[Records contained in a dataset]

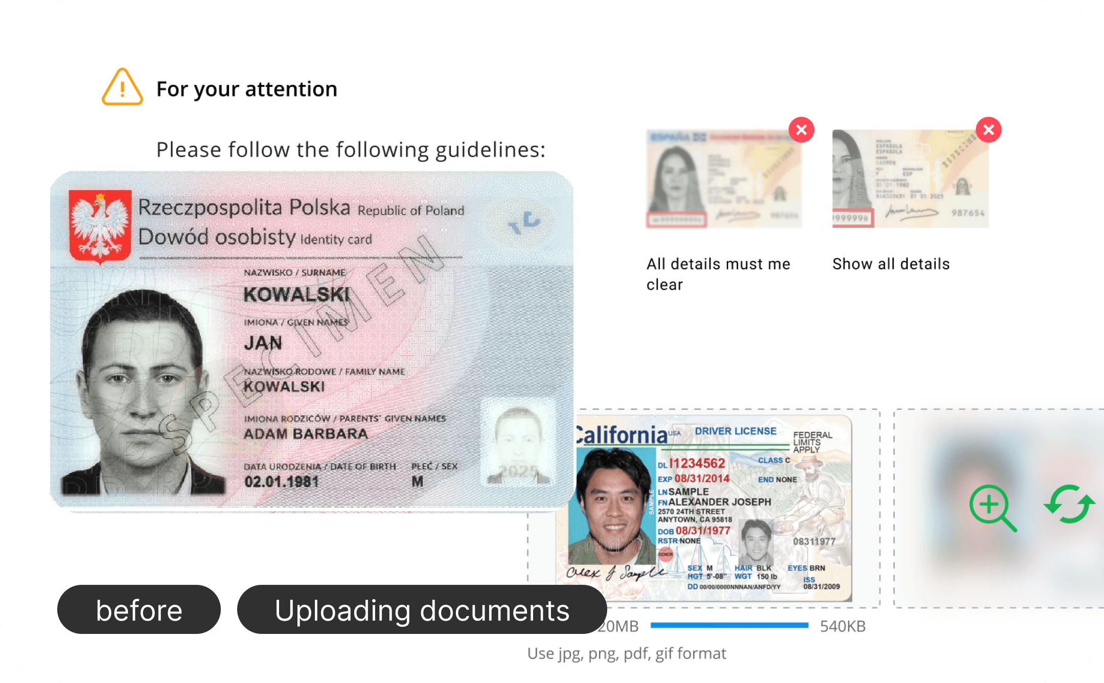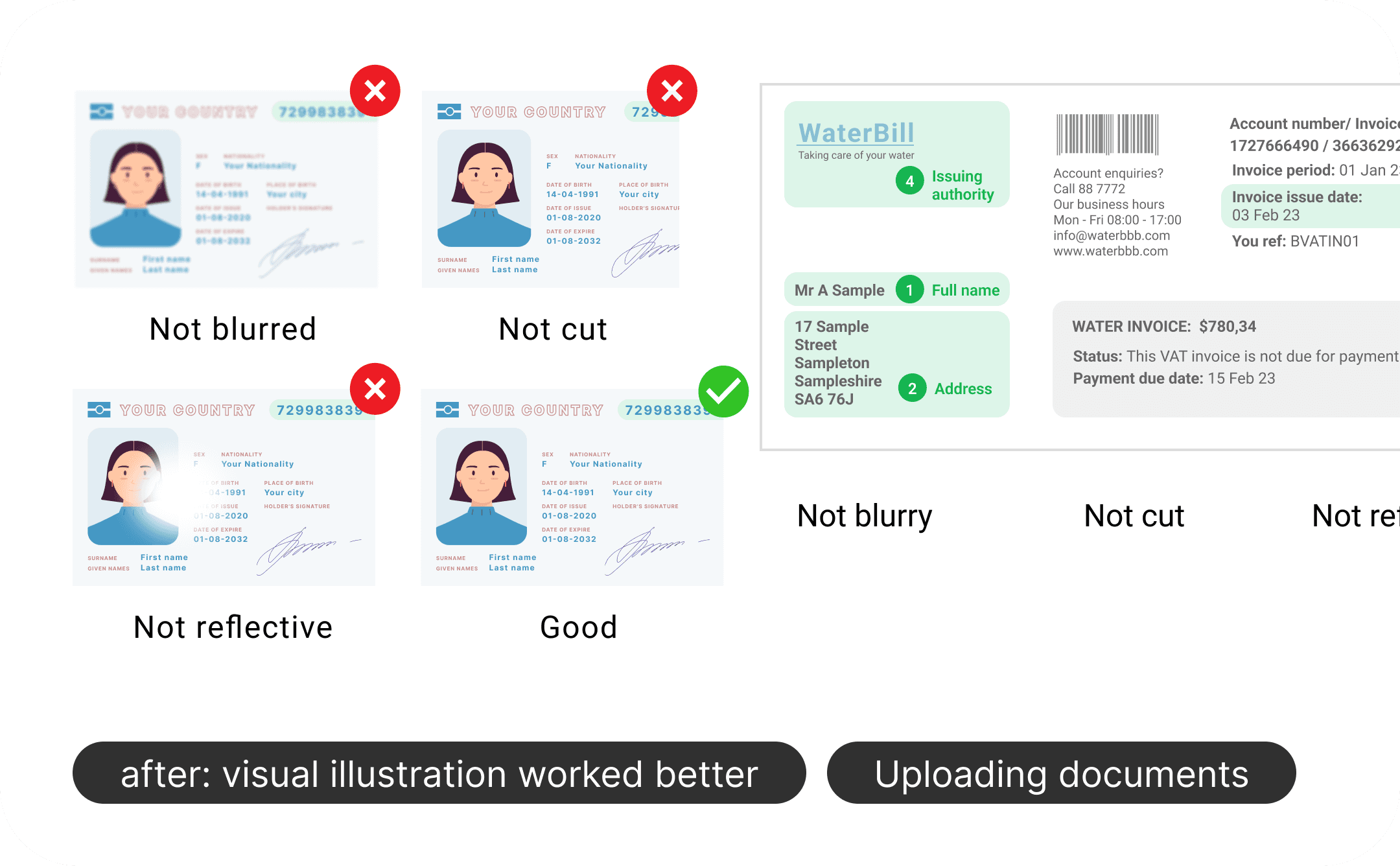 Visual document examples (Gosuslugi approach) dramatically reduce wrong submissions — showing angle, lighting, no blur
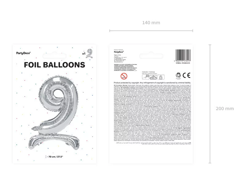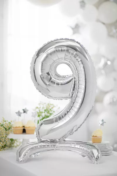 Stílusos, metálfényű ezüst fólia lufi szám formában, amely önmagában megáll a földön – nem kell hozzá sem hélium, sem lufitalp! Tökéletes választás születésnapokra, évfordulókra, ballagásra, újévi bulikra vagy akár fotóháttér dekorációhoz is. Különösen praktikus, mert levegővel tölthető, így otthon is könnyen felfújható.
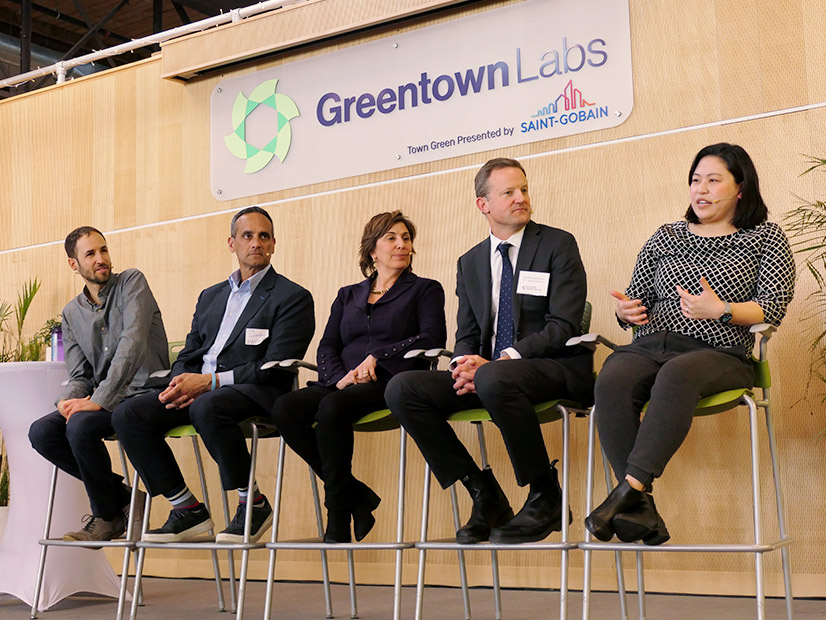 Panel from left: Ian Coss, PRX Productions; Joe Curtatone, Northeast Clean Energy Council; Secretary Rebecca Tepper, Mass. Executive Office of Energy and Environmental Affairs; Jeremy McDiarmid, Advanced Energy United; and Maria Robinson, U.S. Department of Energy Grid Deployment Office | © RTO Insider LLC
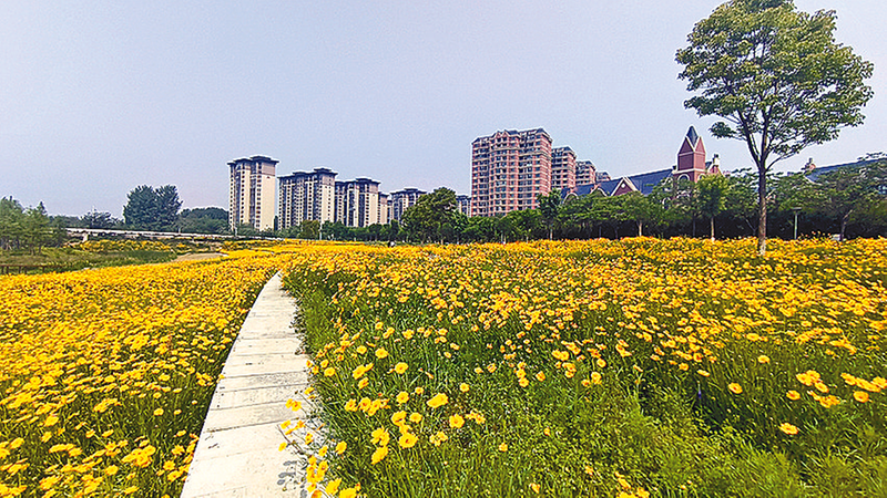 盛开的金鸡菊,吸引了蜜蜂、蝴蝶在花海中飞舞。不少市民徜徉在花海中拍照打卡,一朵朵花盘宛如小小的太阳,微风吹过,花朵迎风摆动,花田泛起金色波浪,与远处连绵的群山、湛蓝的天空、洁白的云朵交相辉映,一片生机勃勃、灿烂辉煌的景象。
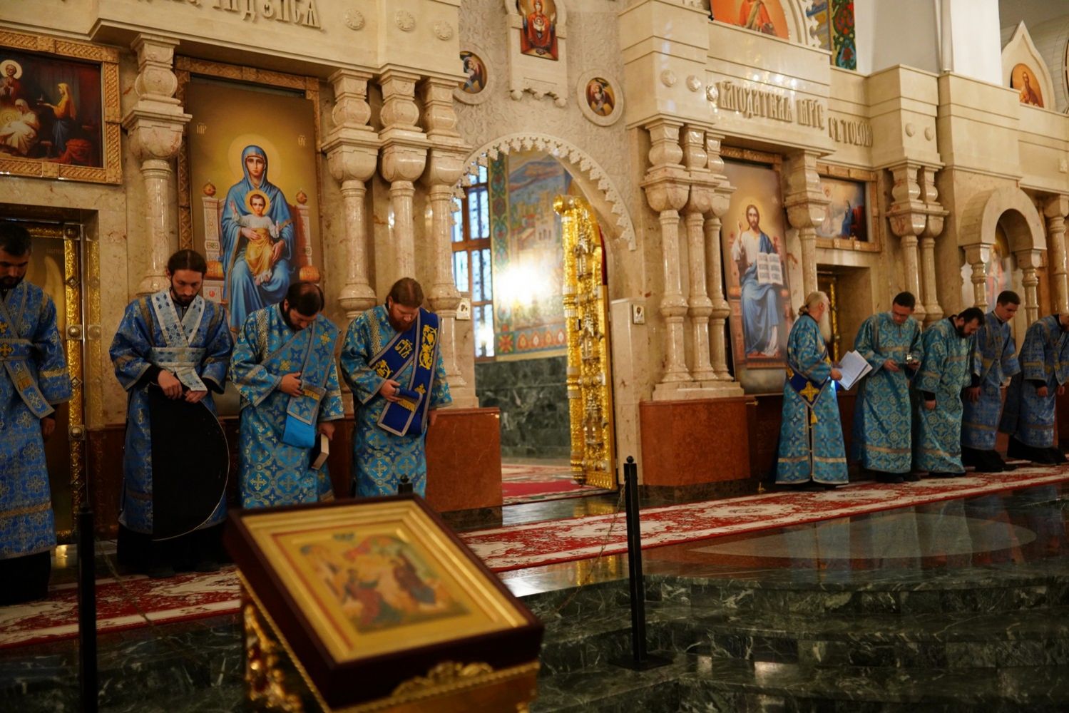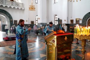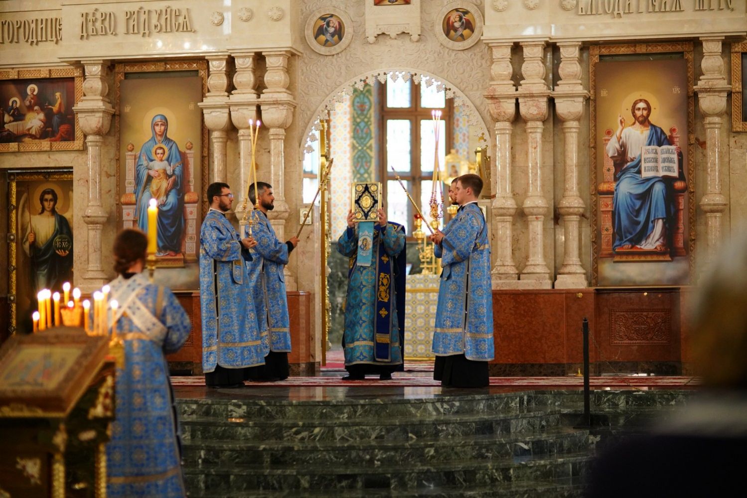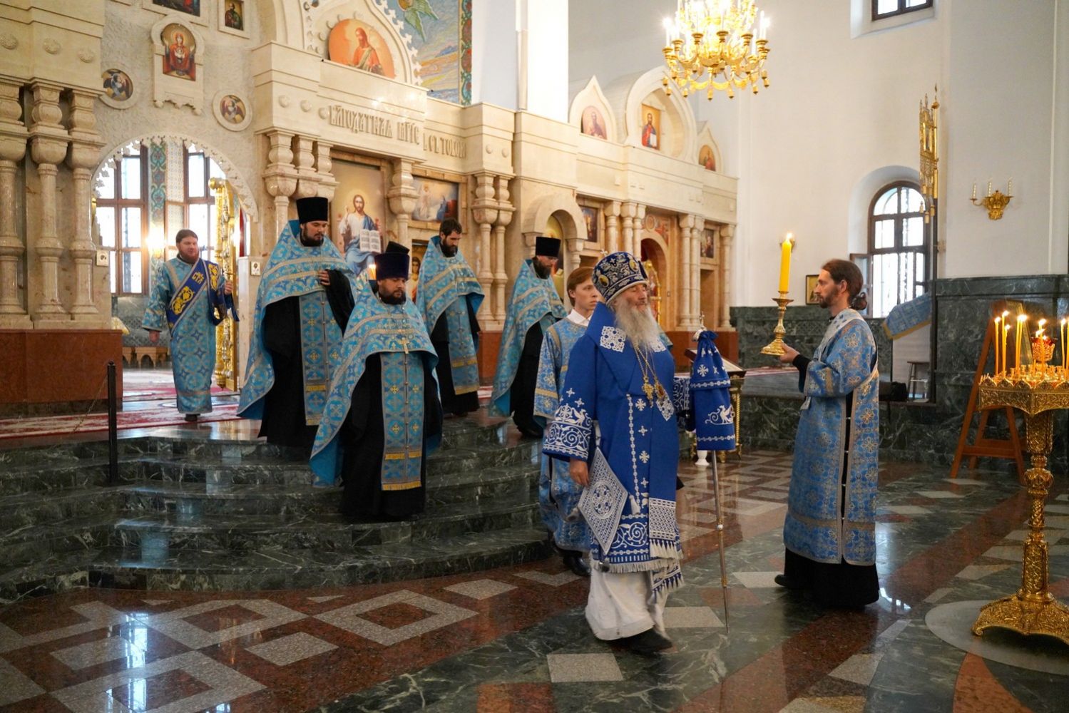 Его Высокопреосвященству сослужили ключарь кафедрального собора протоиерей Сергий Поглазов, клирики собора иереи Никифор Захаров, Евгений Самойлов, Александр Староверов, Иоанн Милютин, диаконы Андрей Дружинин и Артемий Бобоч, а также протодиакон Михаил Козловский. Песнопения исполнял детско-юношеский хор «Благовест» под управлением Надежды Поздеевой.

### EXERCISE
Only the lines from the one containing "Stílusos, metálfényű ezüst" through the last line of the entries above belong in the copy; reproduce them exactly and drop every picture.

### TASK SOLUTION
 Stílusos, metálfényű ezüst fólia lufi szám formában, amely önmagában megáll a földön – nem kell hozzá sem hélium, sem lufitalp! Tökéletes választás születésnapokra, évfordulókra, ballagásra, újévi bulikra vagy akár fotóháttér dekorációhoz is. Különösen praktikus, mert levegővel tölthető, így otthon is könnyen felfújható.
 Panel from left: Ian Coss, PRX Productions; Joe Curtatone, Northeast Clean Energy Council; Secretary Rebecca Tepper, Mass. Executive Office of Energy and Environmental Affairs; Jeremy McDiarmid, Advanced Energy United; and Maria Robinson, U.S. Department of Energy Grid Deployment Office | © RTO Insider LLC
 盛开的金鸡菊,吸引了蜜蜂、蝴蝶在花海中飞舞。不少市民徜徉在花海中拍照打卡,一朵朵花盘宛如小小的太阳,微风吹过,花朵迎风摆动,花田泛起金色波浪,与远处连绵的群山、湛蓝的天空、洁白的云朵交相辉映,一片生机勃勃、灿烂辉煌的景象。
 Его Высокопреосвященству сослужили ключарь кафедрального собора протоиерей Сергий Поглазов, клирики собора иереи Никифор Захаров, Евгений Самойлов, Александр Староверов, Иоанн Милютин, диаконы Андрей Дружинин и Артемий Бобоч, а также протодиакон Михаил Козловский. Песнопения исполнял детско-юношеский хор «Благовест» под управлением Надежды Поздеевой.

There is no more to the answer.